3 Reasons to Switch to Tankless Water Heating

Secure energy, space, and lifecycle savings

By Jennie Morton

 
Tankless Water Heater

If a steady supply of hot water is needed for your business operations, it may be time to ditch your old water heater. A tankless water heater will secure energy savings while delivering all the hot water your business needs to stay afloat.

Key Advantages
Tankless water heaters run on electricity or gas and can supply hot water for a variety of end uses, including showers, dish washers, laundry machines, lavatory faucets, and kitchen sinks.
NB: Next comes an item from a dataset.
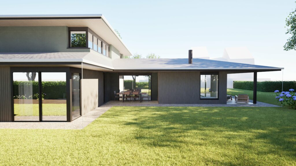 La façade Sud abrite une terrasse, en lien avec la pièce de vie qui s’ouvre largement sur le jardin. Cette terrasse profite d’une avancée de toiture, qui abrite de la pluie, protège du soleil et intimise cet espace ouvert. Ces deux volumes se répondent de part le traitements des toitures débordantes, qui créent des ombres et un écrin pour cette maison en cœur d’ilot

They are suitable for any commercial setting that has high water demands, even if those periods are intermittent.

“When a tankless heater fires up, it senses the temperature of the incoming water and a computer microprocessor determines the amount of energy that’s needed to deliver the water at the temperature setpoint and flow rate,” explains Michael Stebbins, president and founder of trutankless, a manufacturer.

The benefits of tankless extend far beyond longer showers – they will lower your water heating bill, ensure demand is always met, and free up space in your utility closet.

1) Avoid Down Time
For many businesses, having hot water for clients is part and parcel of the experience they provide – it’s a necessity that directly connects to the bottom line.

“If you don’t use a lot of hot water, tankless is simply nice to have. But if your demand is high and your business depends on hot water, you can’t afford to have down time if you run out,” says Ansley Houston, director of Rinnai’s Commercial Division, which distributes heaters.

Rather than being limited by the number of gallons your storage tank holds, tankless heaters provide an infinite amount of hot water. Think of settings such as a hotel, hair salon, or spa – customers walk away dissatisfied if they aren’t provided with services that depend on hot water. It can be equally disastrous for a restaurant to have to close their doors for health reasons if enough hot water isn’t available. Tankless technology ensures these scenarios are obsolete.

“You can also create redundancy by connecting multiple units on a rack,” explains Houston. “If one goes offline because of maintenance, your entire system won’t be compromised as other units can pick up the slack. If your water demand changes in the future, you can scale up or down accordingly.”

2) Conserve Energy
Tankless heaters only consume electricity when there is a need for hot water. Storage tanks, however, continuously use energy to keep a reserve of hot water.

Consider your facility’s peak times for hot water. In a school, there may be a rush after gym class for showers and a period over lunch for kitchen preparation, but otherwise how water needs are minimal. Then there are holiday and summer breaks when demand drops even lower. Every hour you aren’t using energy to heat water provides instant savings.